How To Use The Account Receivables Aging Report to Run Your Agency
  • Rayce Rollins, Founder

How To Use The Account Receivables Aging Report to Run Your Agency


The Accounts Receivable Aging Report allows you to see "who" owes you money, and "how long" those invoices have been outstanding. It is one of the most important reports for you to consult regularly as it provide insights into your agency cash flow and customer risk. Let me explain how it works:

There are three ways to finance your agency from an accounting standpoint. You can:

A) raise capital from investors

B) raise debt from creditors / banks

C) collect receivables from customers

The Accounts Receivable Aging Report helps with option (c) collecting from customers. Most agencies send invoices on a monthly or project based to customers, who in turn pay those invoices within a certain time period (i.e. Net30 or Net60). Rarely does an agency collect upon receipt, especially if it’s working with bigger clients who need and require terms.

At any given time, an agency may have thousands of dollars outstanding, spread out over several customers. The Accounts Receivable Aging report helps you monitor who owes you and how long those invoices have been outstanding. Consulting this report allows you to proactively:

  1. Follow up with customers with outstanding invoices beyond the agreed upon terms. The Best Practice here is to reach out immediately so that your invoices get paid quicker. Don’t worry about being annoying. You are due those funds. The squeaky wheel always gets the oil.

  2. Incentivize customers to pay early with discounts. You can use the 2/10 Net 30 term. This means that customers get a 2% discount if they pay with 10 days, or they pay the full amount within 30 days. Almost every sophisticated business would take you up on that offer.

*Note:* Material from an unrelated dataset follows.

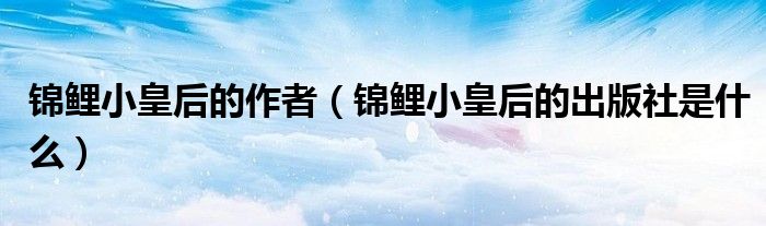 大家好,小生來為大家講解下。錦鯉小皇后的作者,錦鯉小皇后的出版社是什么很多人還不知道,現(xiàn)在讓我們一起來看看吧!

You can use the accounting Receivable Aging report to facilitate collections and improve cash flow, and also to identify potential customer consideration risk.

As a general rule, service based businesses, like marketing agencies and professional service firms, should be cautious if a single client accounts for more than 15% of overall revenue. When a single client accounts for such a large percentage of sales, they could cause significant business disruption should they decide to cut ties, extend payment terms, or pay your invoices later than you expect.